Гарс машинально покосился на Герта. Тот по-прежнему не отрывался от своей писанины, то и дело тюкая одним пальцем по кнопкам пульта. Намеки и иносказания этот флегматик-тугодум не понимал, судя по всему, с детства. Видимо, извилины в его мозгу были так закручены, что слова окружающих проходили в них слишком долгий и тернистый путь…

— Конечно, нет, — сказал Гарс, вставая и направляясь к рабочему месту начальника. — Сам как-нибудь разберусь, Груний Маркович… Как говорили древние, не боги горшки обжигают, особенно если горшки — ночные!

— Ну-ну, — сказал Лапорт, направляясь к двери. — Разберитесь, юноша, разберитесь… Только не растягивайте это удовольствие на целый день, как это было в прошлый раз с эмоциокоагулятором. Через час комплекс мне потребуется для очень важного эксперимента… А я пока, с вашего позволения, наведаюсь к модельщикам…

Он вышел из лаборатории.

Гарс подошел к махине комплекса и с великим сомнением оглядел ее. Когда он имел дело с техникой, ничего хорошего из этого почему-то не получалось. Сюда бы мастера Друма, с тоской подумал он. Того бы нельзя было за уши оттащить от этого приборного изобилия.

Ладно, как говорится: глаза боятся, а ручонки пакостят.

Он с натугой вытянул плоский блин сканера из гнезда и громыхнул его на рабочий столик, который тут же опасно закачался.

Вооружившись тестером, Гарс стал прозванивать интеллекторные цепи. Время от времени он заглядывал в вирт-руководство, потому что схема прибора, несмотря на все усилия, так и не зафиксировалась в его памяти.

Из угла доносилось старательное сопение и отрывистое бормотание под нос. Время от времени слух Гарса улавливал какие-то странные обрывки фраз типа «бу-бу-бу… кто первым изобрел окситан… бу-бу-бу… расположение нейтринных экстракторов в реакторе типа дубль-три…».

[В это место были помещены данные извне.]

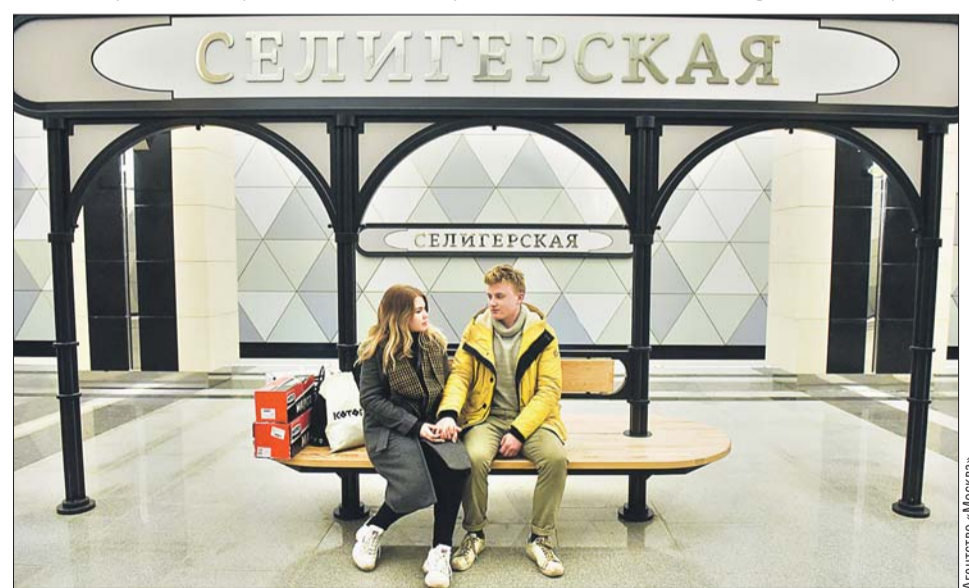
Станцию «Селигерскую» на «салатовой» ветке открыли совсем недавно

В текущем году были построены участки Северо-Восточной хорды — от улицы Фестивальной до Дмитровского шоссе

В отличие от Гарса, Адамцев работал в группе давно, но ввиду какого-то особого строения мозговых клеток звезд с неба не хватал, хотя любую работу выполнял вдумчиво и досконально. Его будущее было очевидно всем, кроме него самого. Так и суждено ему пыхтеть над всякими анкетами, тестами и коэффициентами еще до бесконечности, если, конечно, в Когниции ничего экстраординарного не случится и если этернологи, рано или поздно, разразятся открытием реального бессмертия.

Как и Гарс, Герт Адамцев тоже попал в Когницию извне. До двадцати лет он прожил в Оазисе под ничего не говорящим Гарсу названием Зайцевск. С детства Герт увлекался охотой на бабочек. По его словам, у него была вполне приличная коллекция. За Горизонтом он оказался по чистой случайности. Подвела врожденная инерция мышления. Когда он гнался за очередным экземпляром серой капустницы вдоль внутреннего периметра Купола, сачок вылетел у Герта из рук и исчез за туманной стеной, а Адамцев машинально ринулся за ним, ну и…

Ага, вот он, неисправный чип! Хренов чип хренова сканера.

Гарс извлек пластметалловую пластинку величиной с ноготь из нутра прибора и повертел ее перед глазами.

И что этой хреновине не хватает? Не выдерживает нагрузки, которой ее подвергает Лапорт своими экспериментами? Или просто слишком большое напряжение подается на вход? Надо будет сказать техникам, чтобы посмотрели получше. А пока заменим эту штуку на новую, а то скоро сюда припрутся горящие жаждой познания экспериментаторы во главе с шефом.

Гарс полез в шкаф, где хранились ЗИПы, но аналога неисправного чипа там не нашел. Вот черт, придется тащиться на склад, а это значит — есть шансы не успеть восстановить работоспособность комплекса. Лапорт опять будет шипеть и плеваться, и хоть он будет делать это только для порядка, но все равно стыдно не справляться с элементарными лаборантскими проблемками.

— Я на склад, — сообщил он Адамцеву. — Одна нога здесь, другая — там. В сканере опять троник полетел, а у нас этого чипа нет.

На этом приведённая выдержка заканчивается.